# Low rating with no comment



## Hctj (Sep 10, 2018)

Im new to Uber and just got a 1star rating that I was almost a perfect score and now it put me to a 4.7 rating . I think if someone scores you below a 5 they should give a good reason if not the rating shouldn’t count. I have done nothing to deserve a 1star rating. I don’t think it’s fair.


----------



## Seamus (Jun 21, 2018)

Life isn't fair. Happens to all of us, welcome to rideshare driving!


----------



## BigBadJohn (Aug 31, 2018)

Hctj said:


> Im new to Uber and just got a 1star rating that I was almost a perfect score and now it put me to a 4.7 rating . I think if someone scores you below a 5 they should give a good reason if not the rating shouldn't count. I have done nothing to deserve a 1star rating. I don't think it's fair.

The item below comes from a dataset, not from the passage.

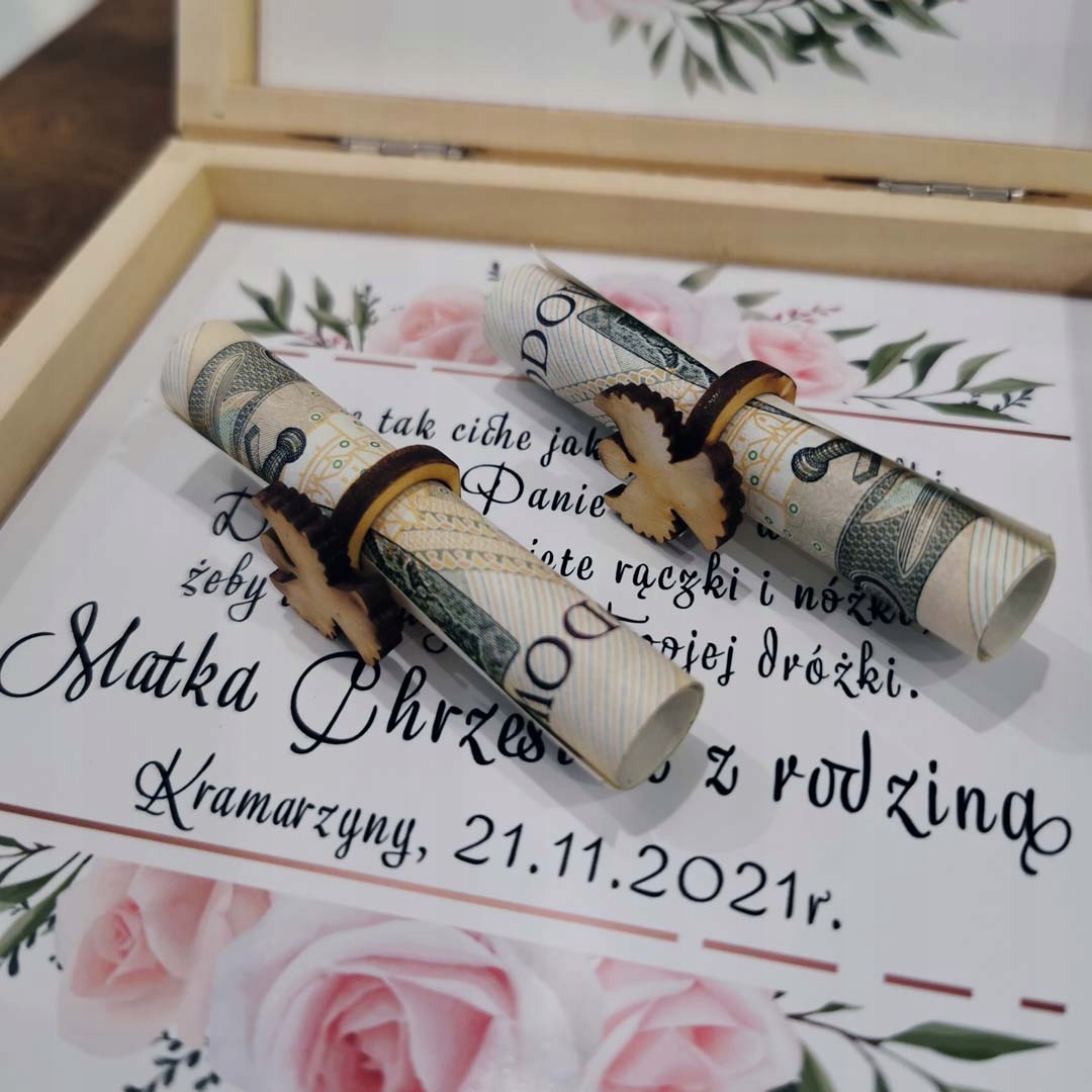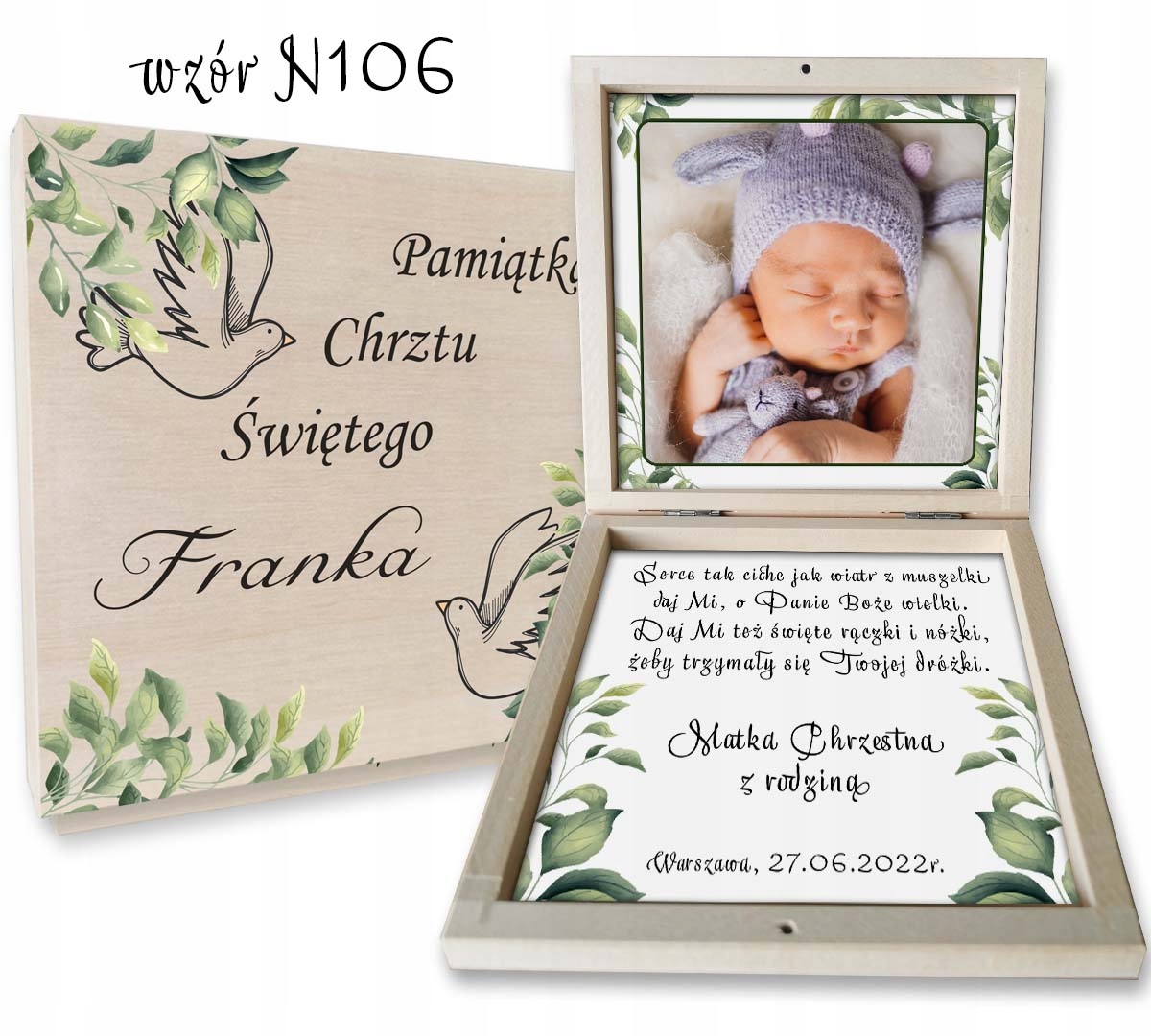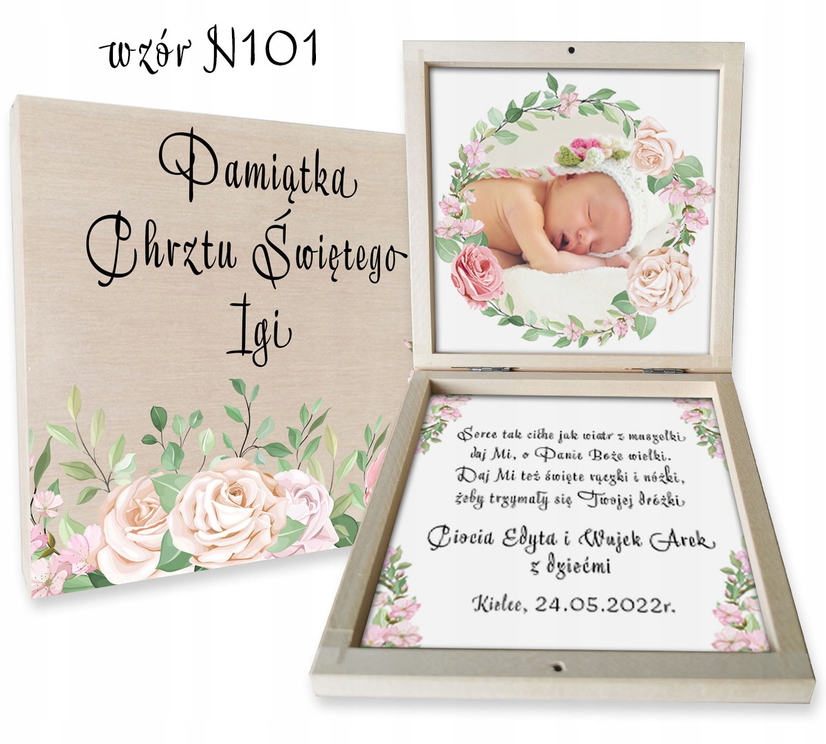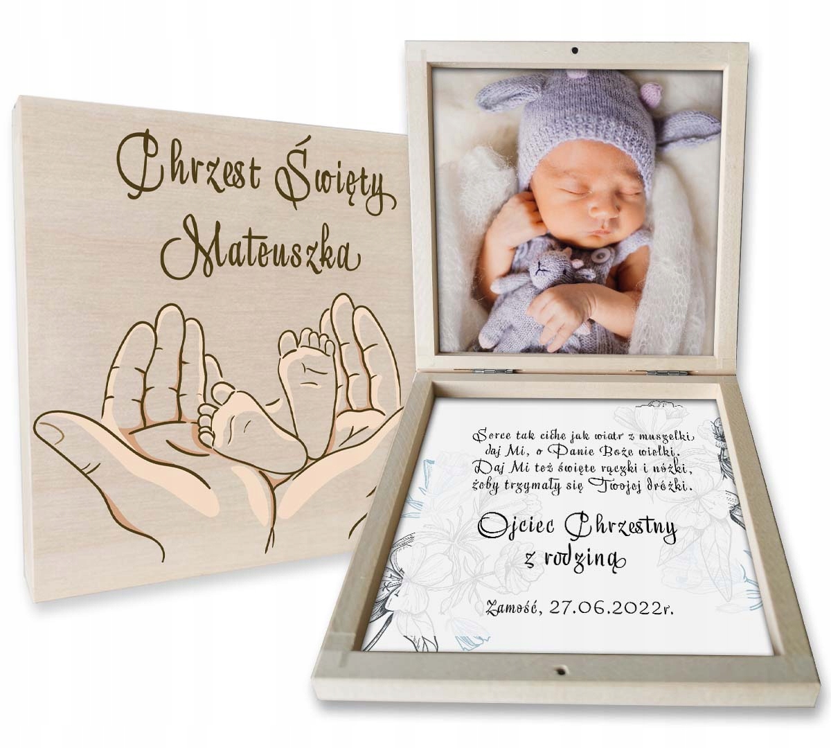 Подарок на Крещение в виде коробочки. В коробочке находится графический рисунок с фотографией ребенка и пожеланиями. На лицевую сторону коробки напечатана технология УФ-печати. Каждая персонализация готовится индивидуально для клиента. Шкатулку можно прекрасно использовать как копилку по случаю Святого Крещения. В каждую коробку добавляем по два кусочка ангелов с кольцом для размещения денег. Банкноты в коробку не входят.

Rider didn't give you a 1* That was just Ubers way of thanking you for choosing Uber as your driver rideshare platform. Have a nice stay now. You'll want to drive the maximum hours permitted and accept every ride request to get that horrible rating back up to 4.92 as quick as possible. Think this isn't what's going on here?


----------



## Alex Driver (Jul 26, 2018)

No, people are dicks. They think it's funny. I got 6 1 stars in my last 500 trips, and I have a 4.83. 454 5 stars. I take every drunk person, every person going to get food, every person going to get groceries, and it does NOT pay you. Just be a dick back, it's the only way to be a successful Uber driver. I finally learned that after 1,100 trips.

The important thing is to just be happy doing it. If you need to unleash on someone now and then, just don't go so far that Uber could deactivate you. You will not enjoy that, trust me.


----------



## Classified (Feb 8, 2018)

Hctj said:


> Im new to Uber and just got a 1star rating that I was almost a perfect score and now it put me to a 4.7 rating . I think if someone scores you below a 5 they should give a good reason if not the rating shouldn't count. I have done nothing to deserve a 1star rating. I don't think it's fair.


Something doesn't add up,example, if you had 480 5stars and 20 1stars that's a 4.84rating, so either you havnt done 500 rated trips yet, or you don't have a perfect rating beforehand, one 1star means nothing,

Drivers also give out low ratings for basically nothing , so riders do the same, if they did leave a comment, it's only a vague preset comment which doesn't actually explain what went wrong, so maybe the comment wasn't on the list to choose from, 
Check out my two latest one star comments, doesn't explain anything, why try and please one or two people, when 480 people were happy


----------



## Getmeoutofhere (Aug 8, 2018)

I think it's kind of crap we have to take hits for ubers mistakes, such as sending us to the wrong location or the navigation screwing up. Or because they want to add more pool riders than i have seats... but what can you do. It is life


----------



## Stav53 (Nov 9, 2017)

With the new Uber app upgrade it seems that many of us drivers got a 1* out of the blue. There are couple if threads in here relating to this issue. Search it


----------